Dans l’affaire C‑397/14,

ayant pour objet une demande de décision préjudicielle au titre de l’article 267 TFUE, introduite par le Sąd Najwyższy (Cour suprême, Pologne), par décision du 15 mai 2014, parvenue à la Cour le 20 août 2014, dans la procédure

Polkomtel sp. z o.o.

contre

Prezes Urzędu Komunikacji Elektronicznej,

en présence de:

Orange Polska S.A., anciennement Telekomunikacja Polska S.A.,

LA COUR (deuxième chambre),

composée de M. M. Ilešič, président de la deuxième chambre, Mme C. Toader, M. A. Rosas, Mme A. Prechal et M. E. Jarašiūnas (rapporteur), juges,

avocat général: M. Y. Bot,

greffier: M. A. Calot Escobar,

vu la procédure écrite,

considérant les observations présentées:

pour Polkomtel sp. z o.o., par Mmes M. Bieniek et E. Barembruch, radcowie prawni,

pour le Prezes Urzędu Komunikacji Elektronicznej, par M. S. Szabliński, radca prawny,

pour le gouvernement polonais, par M. B. Majczyna, en qualité d’agent,

pour la Commission européenne, par Mmes J. Hottiaux et L. Nicolae, en qualité d’agents,

vu la décision prise, l’avocat général entendu, de juger l’affaire sans conclusions,

rend le présent

Arrêt

1

La demande de décision préjudicielle porte sur l’interprétation de l’article 28 de la directive 2002/22/CE du Parlement européen et du Conseil, du 7 mars 2002, concernant le service universel et les droits des utilisateurs au regard des réseaux et services de communications électroniques (directive «service universel») (JO L 108, p. 51), ainsi que des articles 5, paragraphe 1, et 8, paragraphe 3, de la directive 2002/19/CE du Parlement européen et du Conseil, du 7 mars 2002, relative à l’accès aux réseaux de communications électroniques et aux ressources associées, ainsi qu’à leur interconnexion (directive «accès») (JO L 108, p. 7).

2

Cette demande a été présentée dans le cadre d’un litige opposant Polkomtel sp. z o.o. (ci-après «Polkomtel») au Prezes Urzędu Komunikacji Elektronicznej (président de l’Office des communications électroniques, ci-après le «président de l’UKE»), en présence d’Orange Polska S.A., anciennement Telekomunikacja Polska S.A. (ci-après «Orange Polska»), au sujet d’une décision prise par le président de l’UKE dans le cadre d’un litige opposant ces entreprises à propos des conditions de coopération et des modalités de tarification pour les services d’accès aux numéros non géographiques.

Le cadre juridique

Le droit de l’Union

Le nouveau cadre réglementaire applicable aux services de communications électroniques

3

Le nouveau cadre réglementaire applicable aux services de communications électroniques est composé de la directive 2002/21/CE du Parlement européen et du Conseil, du 7 mars 2002, relative à un cadre réglementaire commun pour les réseaux et services de communications électroniques (directive «cadre») (JO L 108, p. 33, ci-après la «directive-cadre»), et des directives particulières qui l’accompagnent, à savoir la directive 2002/20/CE du Parlement européen et du Conseil, du 7 mars 2002, relative à l’autorisation de réseaux et de services de communications électroniques (directive «autorisation») (JO L 108, p. 21), la directive «accès», la directive «service universel» ainsi que la directive 97/66/CE du Parlement européen et du Conseil, du 15 décembre 1997, concernant le traitement des données à caractère personnel et la protection de la vie privée dans le secteur des télécommunications (JO 1998, L 24, p. 1).

– La directive-cadre

4

L’article 8 de la directive-cadre définit les objectifs généraux et les principes réglementaires dont les autorités réglementaires nationales (ci-après les «ARN») doivent assurer le respect.
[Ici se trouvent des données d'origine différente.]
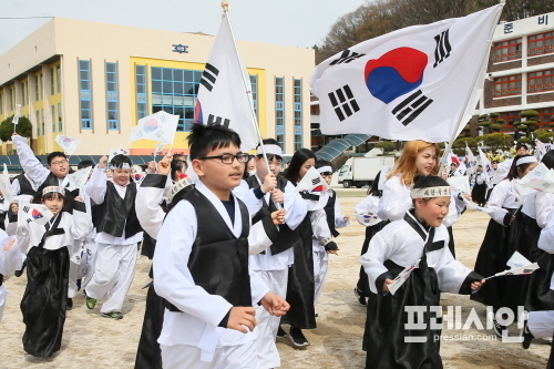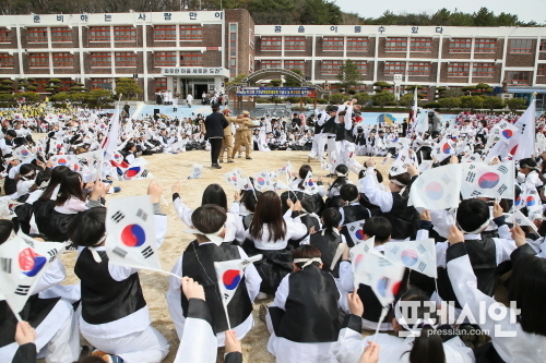 기미년독립만세운동재현추진위원회는 21일 사천초등학교 운동장에서 박성재 사천시 부시장과 여상규 국회의원, 이삼수 시의회의장, 도의원, 시의원, 광복회 회원, 학생 등 1200여 명이 참석한 가운데 ‘3·1운동 제100주년 기념 기미년 독립만세운동 재현행사’를 실시했다.
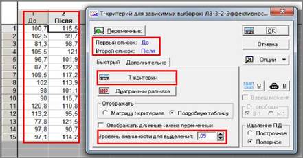 5. Вибір характеристик (змінних) для аналізу. Натиснути кнопку «Переменные» («Variables») і вибрати змінні для аналізу.
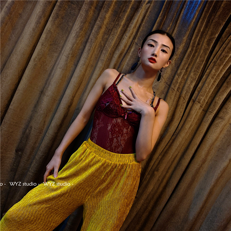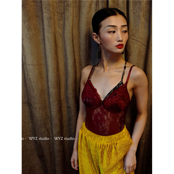 酒紅色連襠蕾絲 不含內衣
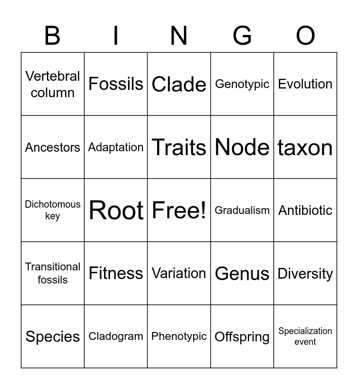 This bingo card has a free space and 24 words: Fitness, Cladogram, Traits, Species, Evolution, Vertebral column, Ancestors, Fossils, Gradualism, Variation, Node, Dichotomous key, Genus, Diversity, Adaptation, Offspring, Antibiotic, Clade, taxon, Root, Specialization event, Transitional fossils, Genotypic and Phenotypic.
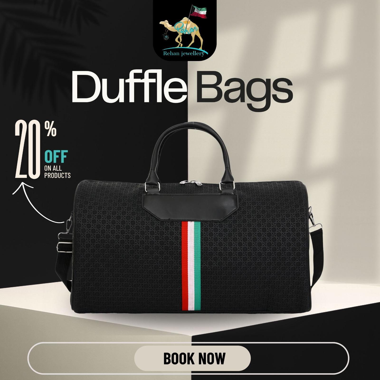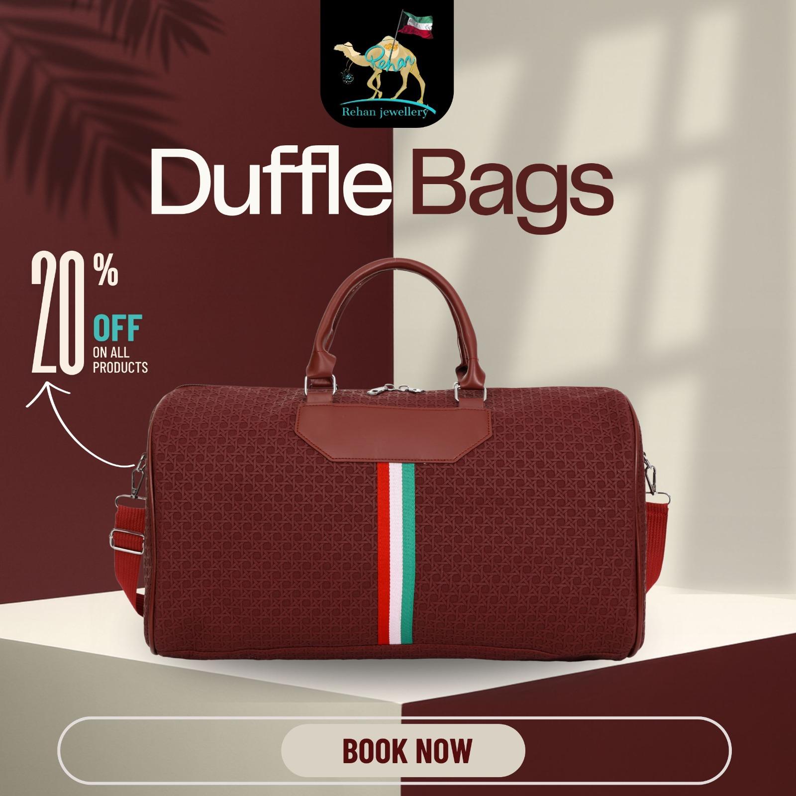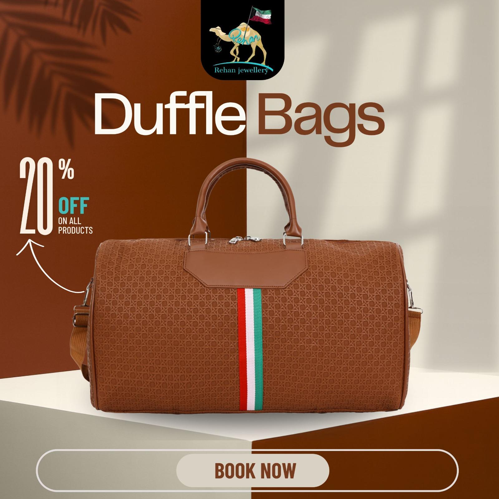 Add a touch of class to your journey with Rehan Shopping’s Duffle Bag Collection — crafted for those who travel in style.
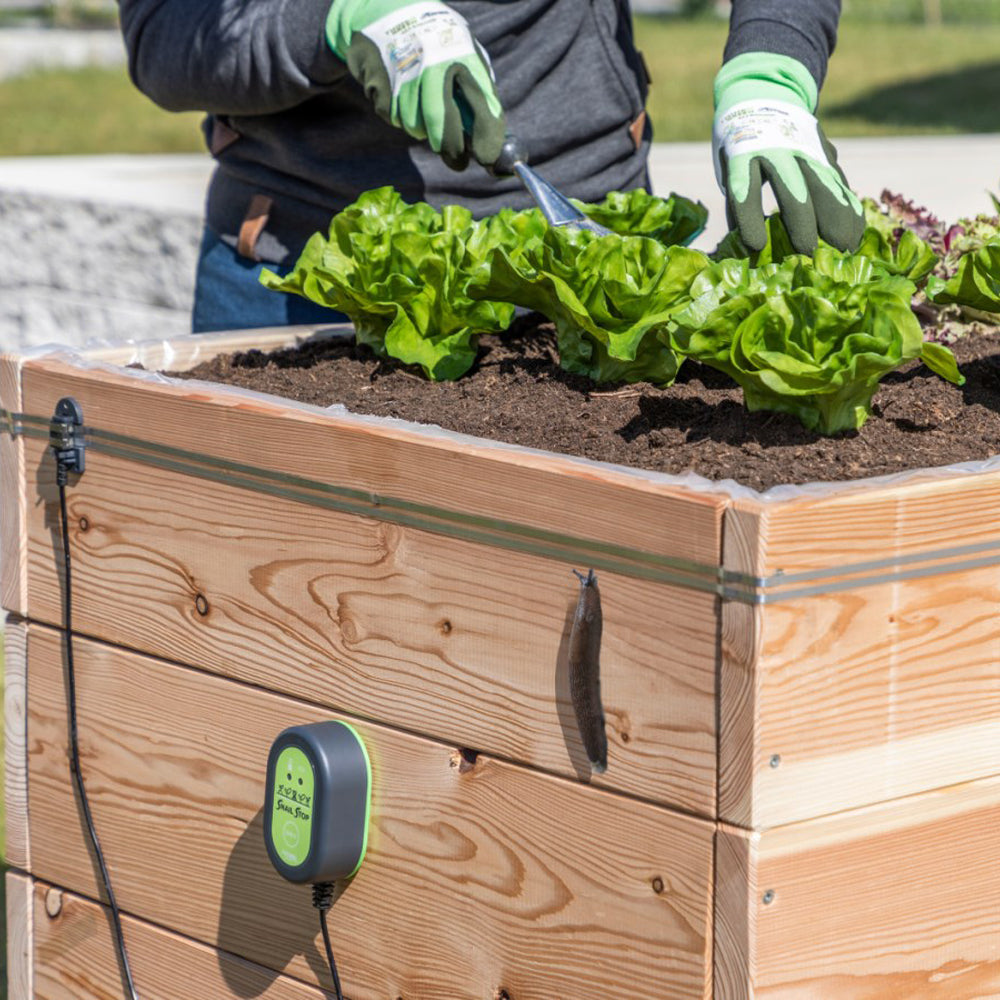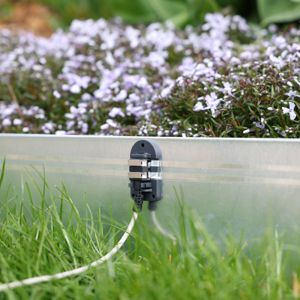 Das System ist flexibel erweiterbar bis zu 30 m und ermöglicht den Schutz mehrerer Beete mit nur einem Gerät. Der batteriebetriebene Betrieb macht einen Stromanschluss überflüssig, während die LED-Anzeige den Batteriestatus und den Zaunbetrieb zuverlässig kontrolliert.
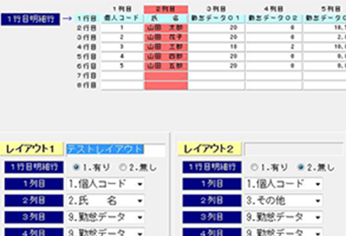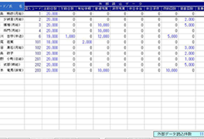 『外部データ連携オプション』は、Excelなどの表計算のデータやタイムレコーダーのデータ〔CSV形式(カンマ区切り)〕を読み込んで、給与計算・月例処理の給与変動項目(勤怠データ)に一括で書き込むことができます。
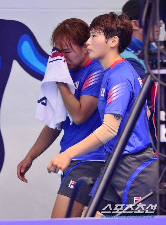 29일 오전 인천 송도글로벌대학체육관에서 2014 인천 아시안게임 카바디 한국과 방글라데시의 경기가 열렸다. 카바디는 공격수 한명이 수비 진영으로 넘어가 수비수를 터치한 후 자신의 진영으로 넘어오거나 그 공격수를 잡아 자기 진영으로 넘어가지 못하게 하면 점수를 얻는 경기다. 방글라데시에 패배한 후 한국 신소미가 눈물을 흘리며 퇴장하고 있다.
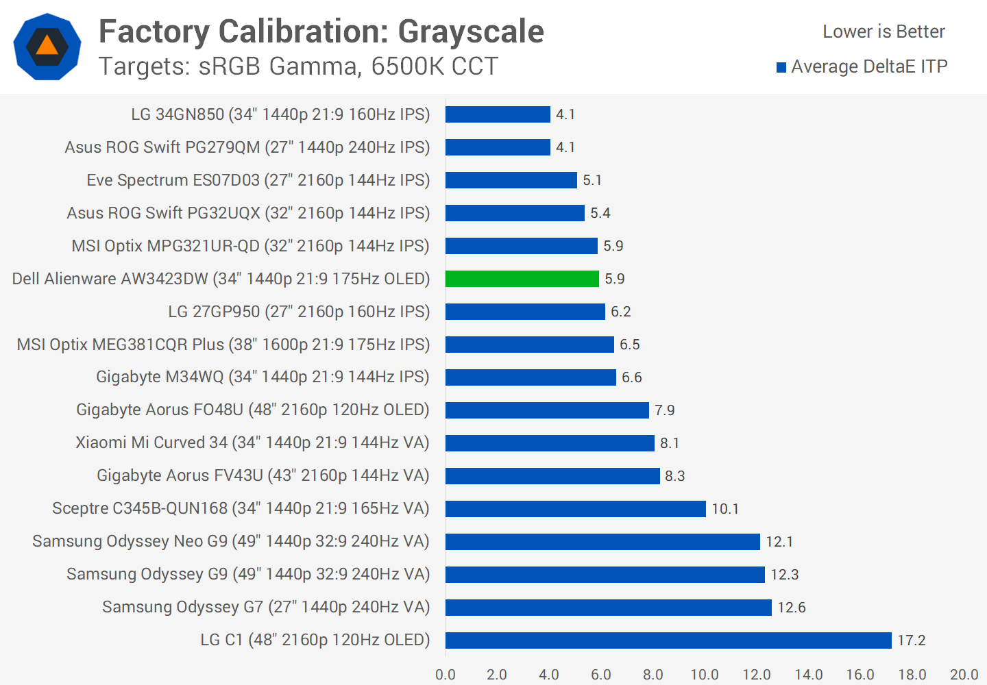 Relative to other monitors, grayscale performance isn't the worst thanks to strong CCT performance, but could have been elite with some attention to gamma. As expected ColorChecker calibration puts it in the lower part of the table due to saturation issues.
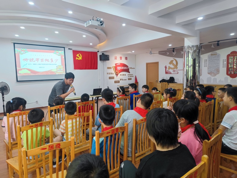 为深入开展学习贯彻习近平新时代中国特色社会主义思想主题教育,扎实推进“我为群众办实事”常态长效机制,进一步做好服务基层、服务社区、服务群众工作。近日,365官网马克思主义学院组织专任教师和社团骨干来到宝山区杨行镇天馨花园社区,为社区中小学生开展“中华优秀传统节日及宝山‘五个百年’历史文化”的文化普及活动,社区50余名中小学生参加了活动。
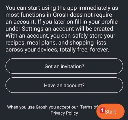 Last ned Grosh fra mobilens appbutikk. Start appen og trykk på Neste i den innledende veiledningen. Trykk på Start 1 når du ser dette bildet på skjermen.
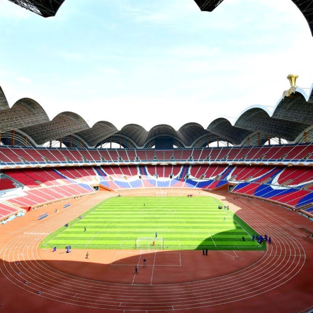 This stadium is one of the largest in the world, capable of holding 150,000 people and possessing a total floor space surpassing 2.2 million square feet. It was named for the Rungnado islet of the Taedong River, which is near its location. It has a scalloped roof composed of 16 arches, intended to look like a magnolia blossom.
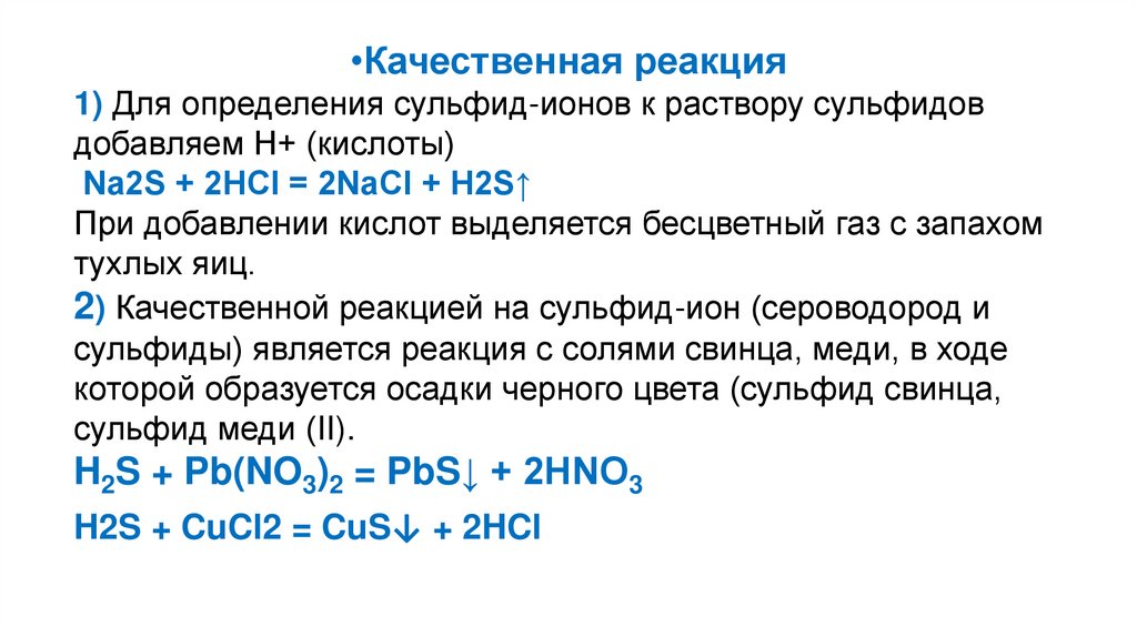 в растворе (карбонаты, сульфиды и др.). Также серная
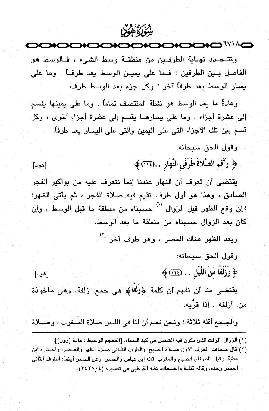 يقتضي أن تعرف أن النهار عندنا إنما نتعرف عليه من بواكير الفجر الصادق، وهذا هو أول طرف نقيم فيه صلاة الفجر، ثم يأتي الظهر؛ فإن وقع الظهر قبل الزوال حسبناه من منطقة ما قبل الوسط، وإن كان بعد الزوال حسبناه من منطقة ما بعد الوسط.
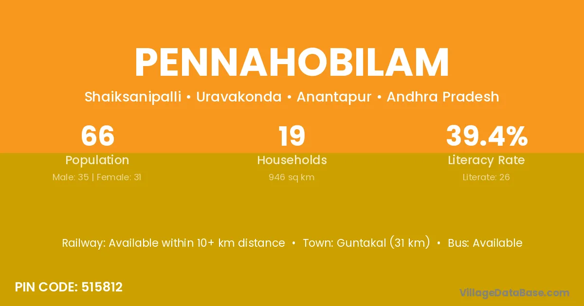 Guntakal (31 km) is the nearest town to Pennahobilam village for major economic activities and is located approximately 31 km away.
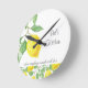 Personalice este reloj de pared de limón cítrico de estilo campestre con su nombre y mensaje preferidos. Este alegre reloj de cocina amarillo y blanco sería un regalo de cumpleaños o inauguración reflexivo para ella. Cuenta con un diseño brillante e invitador perfecto para agregar un toque de calidez y personalidad a cualquier cocina o hogar.

Les paragraphes 3 et 4 de cet article sont libellés comme suit:

«3.   Les [ARN] contribuent au développement du marché intérieur, notamment:

[...]

b)

en encourageant la mise en place et le développement de réseaux transeuropéens et l’interopérabilité des services paneuropéens et la connectivité de bout en bout;

[...]

4.   Les [ARN] soutiennent les intérêts des citoyens de l’Union européenne, notamment:

[...]

b)

en assurant un niveau élevé de protection des consommateurs dans leurs relations avec les fournisseurs [...];

[...]»

5

L’article 20 de la directive-cadre, intitulé «Résolution des litiges entre entreprises», prévoit, à son paragraphe 3:

«Pour résoudre un litige, l’[ARN] est guidée par la poursuite des objectifs établis à l’article 8. Les obligations que l’[ARN] peut imposer à une entreprise dans le cadre de la résolution d’un litige sont conformes aux dispositions de la présente directive ou des directives particulières.»

– La directive «accès»

6

L’article 1er de la directive «accès», intitulé «Champ d’application et objectif», prévoit:

«1.   La présente directive, qui s’inscrit dans le cadre présenté dans la [directive-cadre], harmonise la manière dont les États membres réglementent l’accès aux réseaux de communications électroniques et aux ressources associées, ainsi que leur interconnexion. L’objectif consiste à établir, pour les relations entre fournisseurs de réseaux et de services, un cadre réglementaire qui favorisera l’instauration d’une concurrence durable et garantira l’interopérabilité des services de communications électroniques tout en procurant des avantages aux consommateurs, et ce conformément aux principes du marché intérieur.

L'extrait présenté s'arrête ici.